Using collected data, we conducted the multiple factor analysis (MFA), which is similar to principal component analysis (PCA) but used for different types of variables, such as categorical, quantitative and frequency. MFA consists of two steps: at first, it calculates the PCA and normalizes each data table, in which sets of variables are collected. In the second step, these data tables are combined into a joined data table that is analyzed by PCA [19,20]. We calculated the mean score for continuous variables and median for categorical variables. Additionally, for the continuous variable we used standardization and centered around zero. Variables were grouped as new cases, variants, vaccinations, flights, restrictions and health system policies as active groups, and years and countries names as supplementary groups. MFA analysis was conducted in R (version 4.2.1).

3. Results

3.1. Countries Selection

Figure 1 shows top 10 countries in the European Union (EU) with the higher number of COVID-19 cases in the last 7 days per million on the day 4 August 2022 based on data from Worldometer [14]. From this, we selected five countries with the highest value of the coefficient. These were: Greece, Italy, Slovenia, Austria and Germany.

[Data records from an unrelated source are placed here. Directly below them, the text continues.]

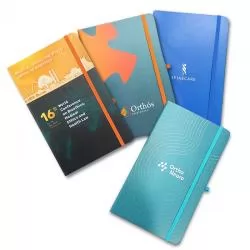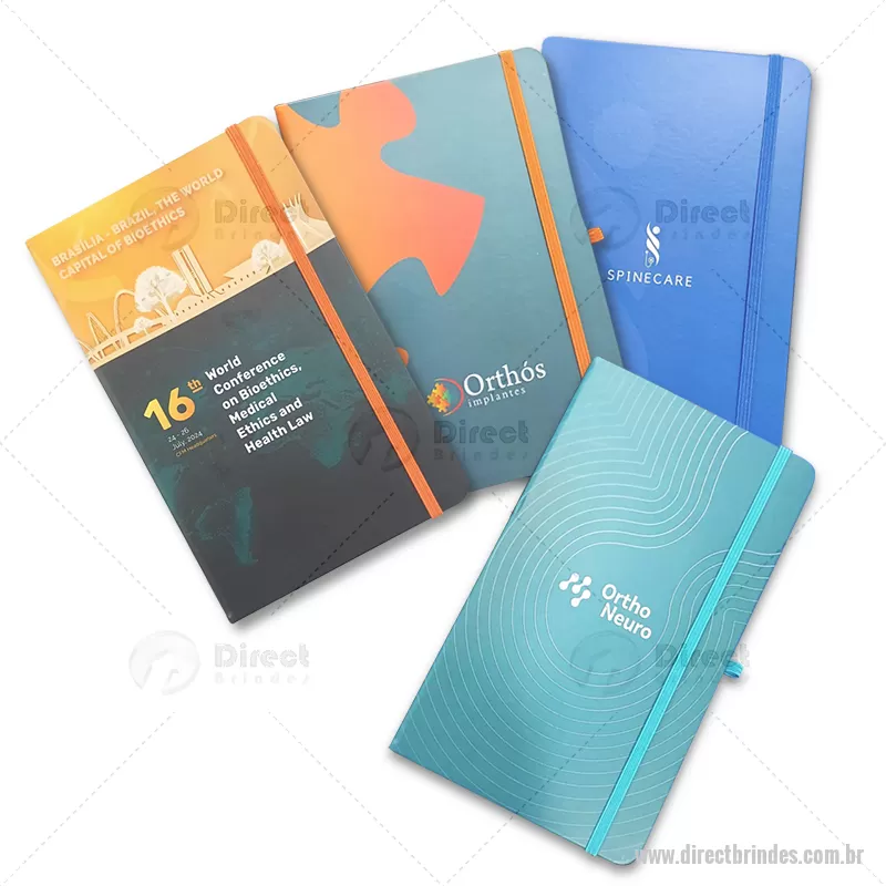 Bloco Tipo Moleskine 14x21cm capa dura impresso sem limitação de cores miolo pautado. Descrição: Capa dura revestida em papel couché impresso em até 4 cores. Miolo: 80 lâminas no papel off set ou pólen 70 gramas. Acabamento: lombada quadrada, elástico, fitilho e cantos arredondados. Moleskine Personalizado excelente opção para presentear clientes, colaboradores e parceiros. Medidas: 140x210mm. Para Adicionais ( folhas impressas, elástico p/ caneta, progaganda, folhas em papel reciclável, mensagens, fechamento em imã )e outros tamanhos consulte-nós. - Barato - DRTBLC240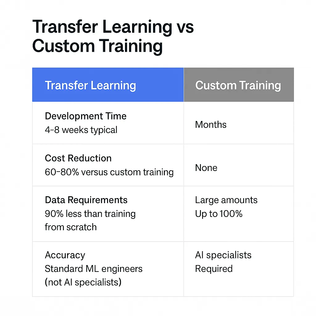 - Transfer learning: 85-95% accuracy, 4-8 week deployment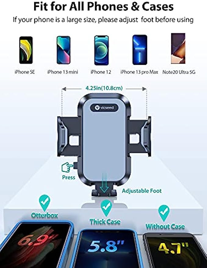 • One-Hand Operation: The car mobile phone holder also features a One-button release system that enables you to lock or release your phone with just one hand operation.Fit well for all mobile phones between 4''-7''in width and most thick case.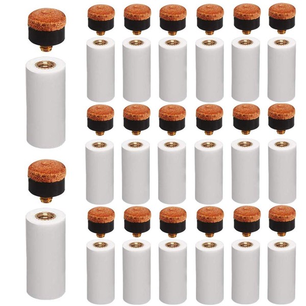 - Material: the tip of the billiard cap is made of leather, the screws of the ferrule are made of plastic + copper, have a long service life and can protect your billiard stone. The package includes 20 pool cues and 20 leather heads.

3.2. The Distribution of SARS-CoV-2 Variants in 5 Selected Countries in the EU

Afterwards, we checked the distribution of SARS-CoV-2 variants in selected countries. As shown in Figure 2A–E, Omicron variant, especially sub-variant BA.5, was dominant among the COVID-19 cases during the analyzed period from 22 to 30 weeks of 2022.

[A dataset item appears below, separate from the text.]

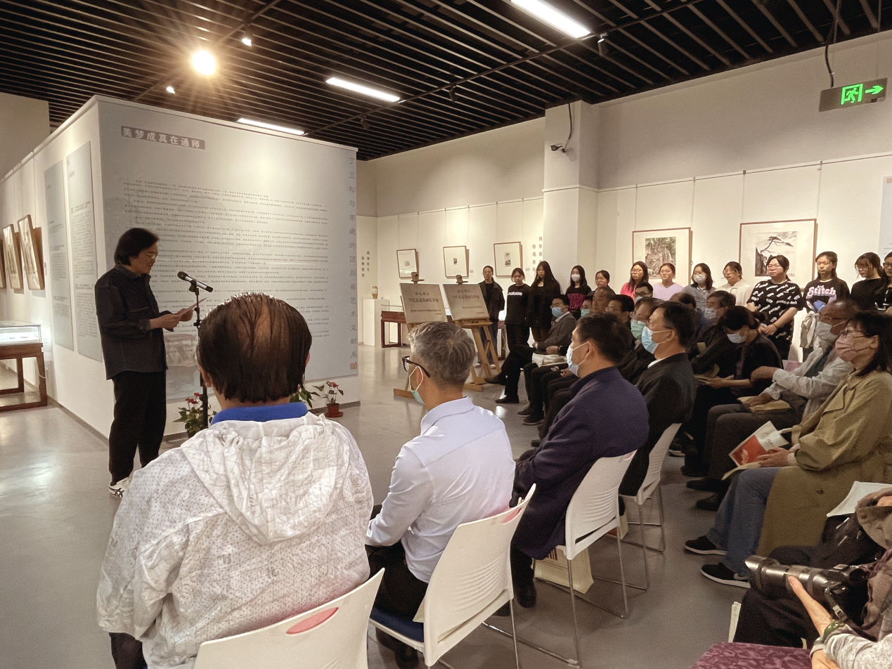 朱敏在介绍活动准备情况时指出,为筹备本次活动,公司的老师多次到启东他的工作室“奋蹄居”商议捐赠事宜,每次都被丁老先生的爱母校、爱专业的精神打动。公司为了表达对丁老先生的感激与敬意,决定成立以丁老姓名命名的“丁立松水印版画传习所”,以此来进一步推动公司的版画教学和提高对本土技艺研究、传承的力度与深度。

3.3. Contributing Variables to the Dimensions Definition

In the next step, we discovered that ‘new cases per million’ was the most contributing variable to the definition of Dim-1 (dimension 1), whereas ‘number of flights’ to Dim-2 (dimension 2). These results were shown on Figure 3A,B.

3.4. The Relationships between Analyzed Variables

A correlation plot (Figure 4) showed the relationships and correlation between analyzed variables. We observed that restrictions and health system policies groups were positively correlated. Moreover, SARS-CoV-2 variants such as P.1, B.1.351, B.1.1.7 and B.1.617.2 were also positively correlated with restrictions and health system policies groups. Simultaneously, the above-mentioned groups negative correlated with lineages of the Omicron variant (BA.1, BA.2, BA.2.75, BA.3, BA.4 and BA.5). On the other hand, the vaccination group, especially the numbers of total boosters per hundred, was strongly positively correlated with new cases of COVID-19 per million and Omicron lineages.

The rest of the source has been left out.